Jordan Red are a British alternative metal band originating from London, England. The band was formed in 2020 by vocalist Daniel Leigh and guitarist Dan Baker, with As Lions members Conor O'Keefe and Dave Fee as touring and session members. In 2022, they self-released their debut album, "Hands That Built The World", which entered the Official Charts, peaking at #14 in Independent Albums Breakers and #16 in the Top 40 Rock and Metal Albums Charts.

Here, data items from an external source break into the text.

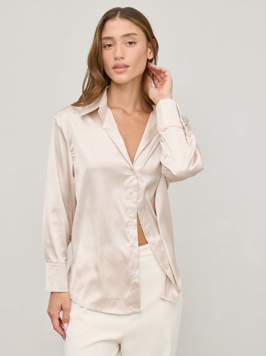 חולצה מכופתרת סאטן לוסיל | בז'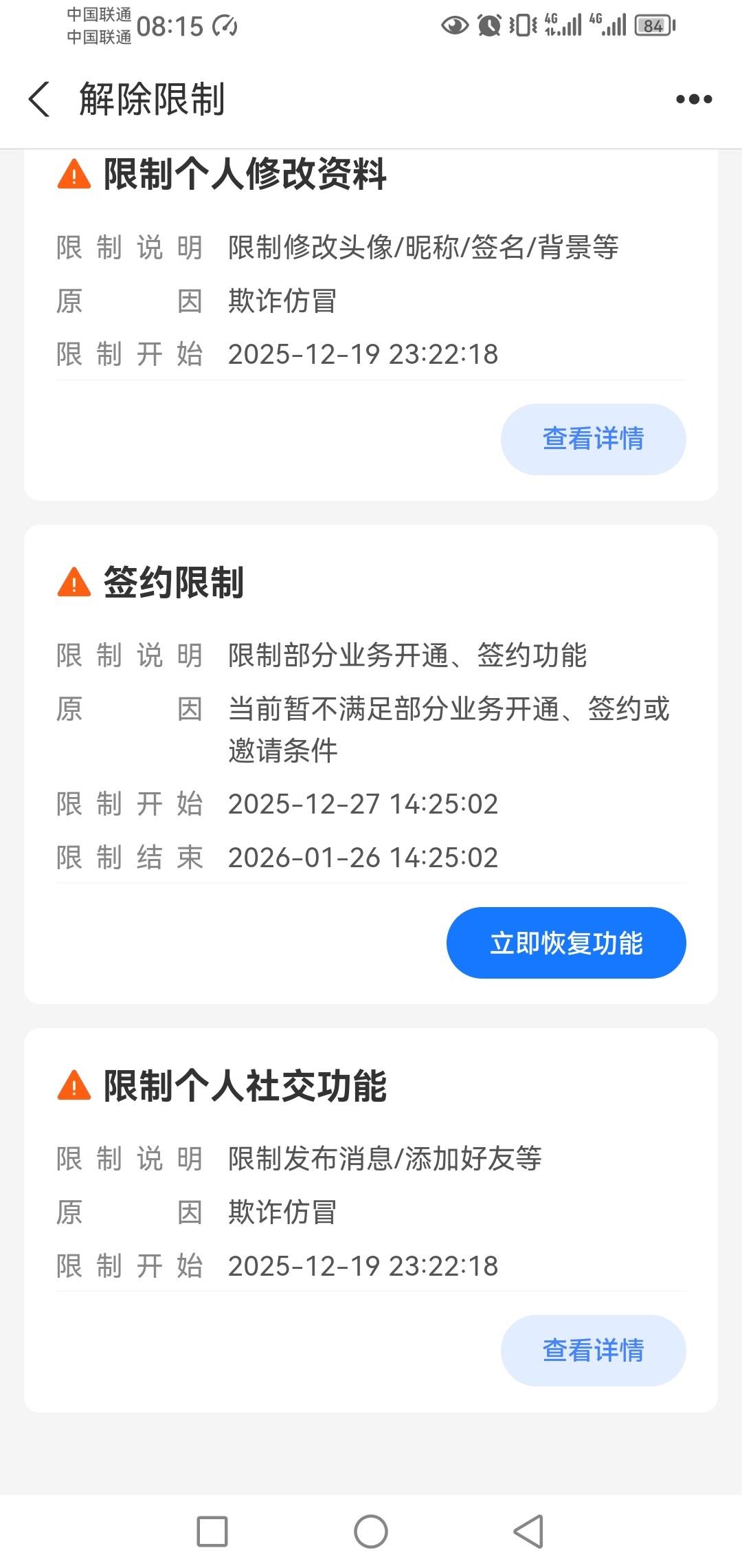 名下三个支付宝全部限制社交功能,请问这个是限制多久,怎么能解开,能提供解决方案的打赏500金币,金币就这么多多了,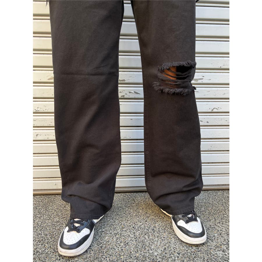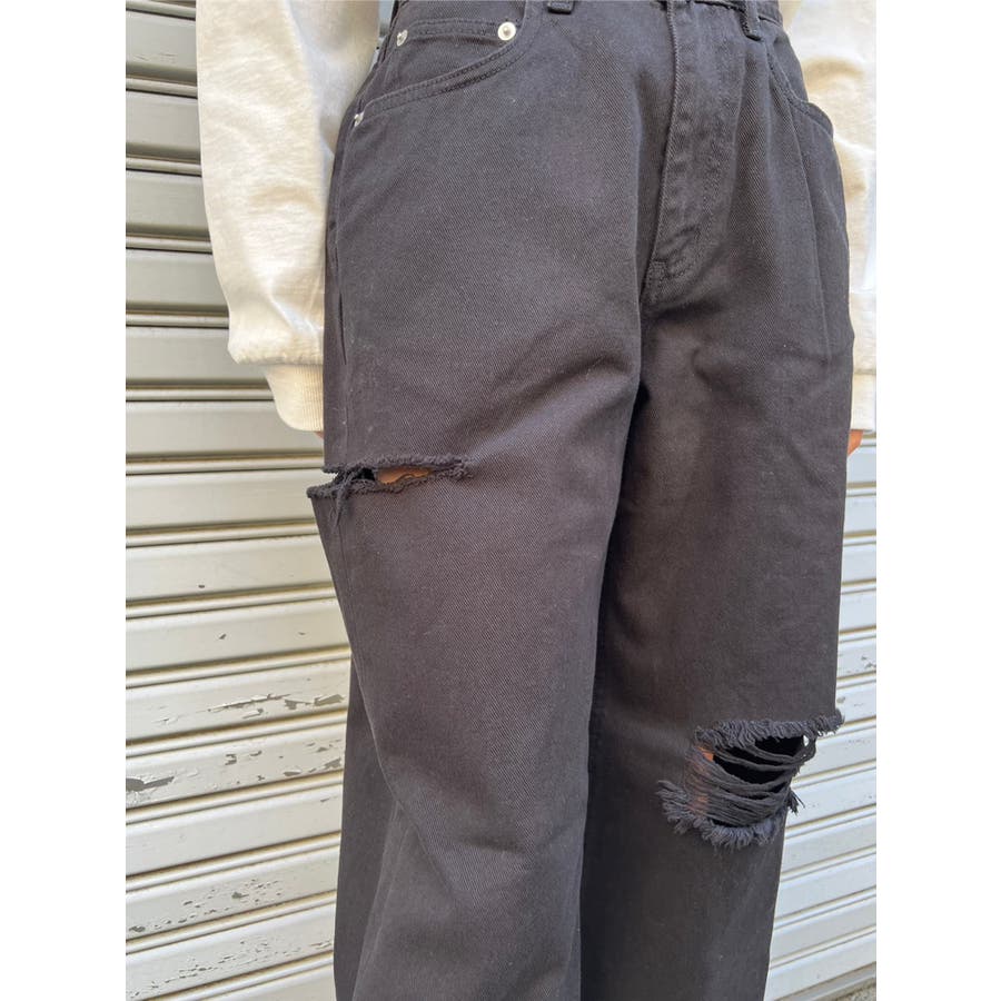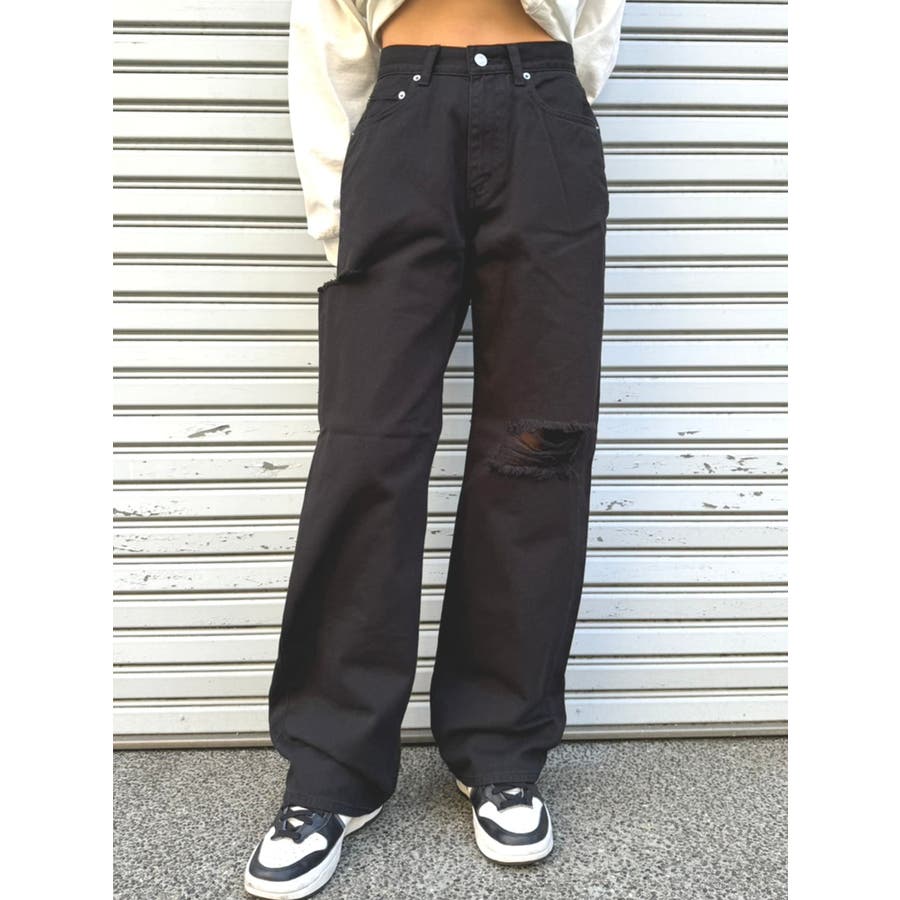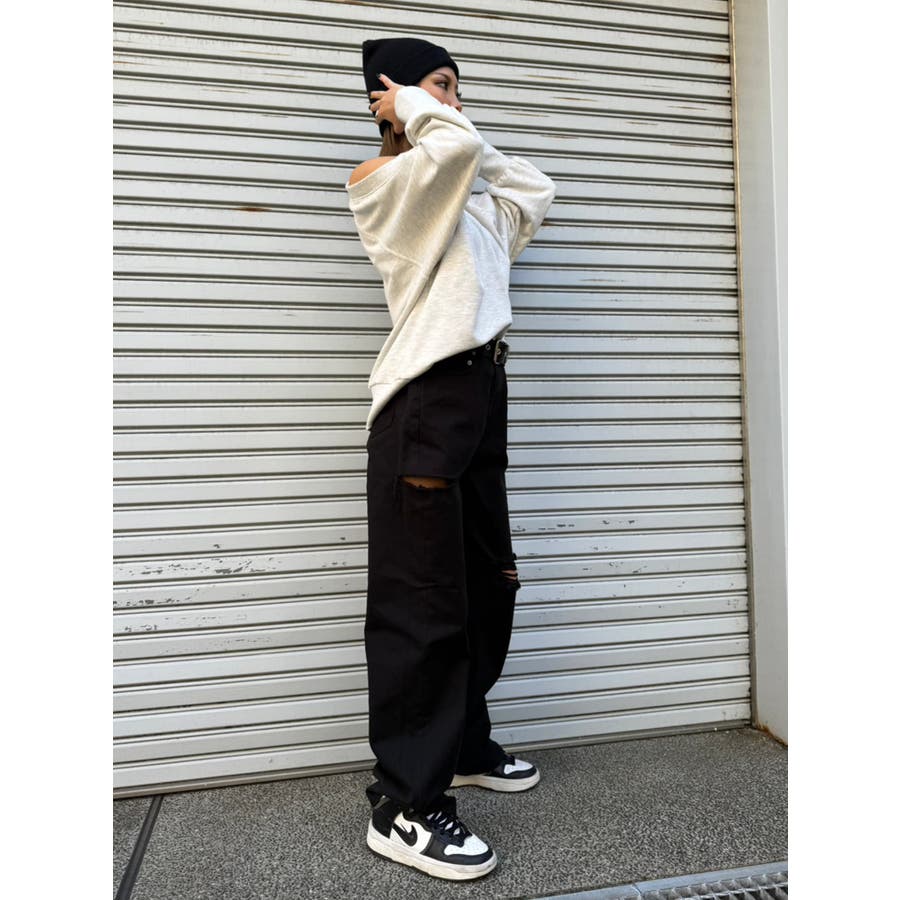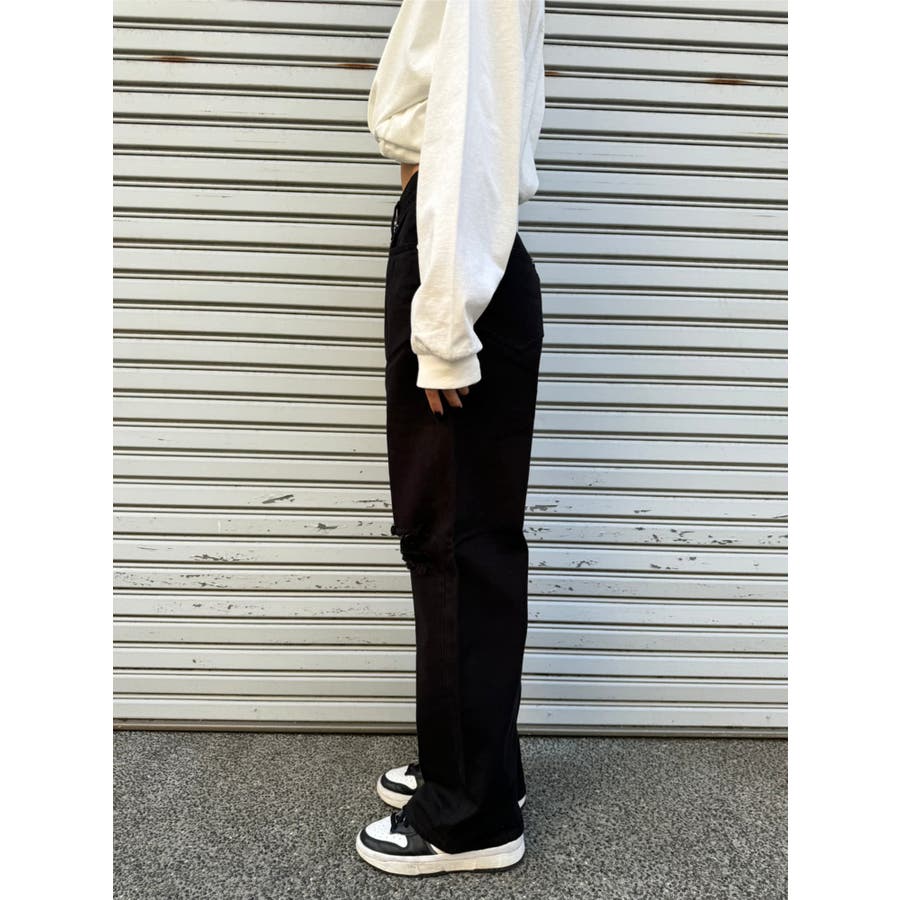 シーズン問わずに使えるのが嬉しいBLACKツイルパンツ。ずるっとルーズなストレートワイドシルエットでトレンド要素をプラス。スニーカーで合わせたときに裾が溜まるよう、少し長めの股下設定にしています。メンズライクなシルエットなので、コンパクトなトップス合わせで女性らしさをプラスしメリハリを付けるのがオススメ。オリジナル感を出す為、後ろウエストにはEGOISTロゴが入ったBLACKの牛革パッチを付けています。

Subsequently, their single 'Awake' received national airplay on BBC Radio 1 and Planet Rock.

==Members==
- Daniel Leigh – lead vocals
- Dan Baker – guitar

===Touring and session members===
- Conor O'Keefe – bass
- Dave Fee – drums

==Discography==
===Albums===

List of albums, with selected chart positions
Title: Album details; Peak chart positions
UK Independent Albums Breakers: UK Rock & Metal Albums; UK Album Downloads; UK Independent Albums
Hands That Built The World: Released: November 11, 2022; Label: Self-released;; 14; 16; 25; 49

===Singles===
- Beautiful Monsters (2020)
- Don't Let The Heavens Fall (2020)
- Hands That Built The World (2020)
- Way Down (2020)
- Freak Show (2021)
- Spilling My Blood (2022)
- Awake (2022)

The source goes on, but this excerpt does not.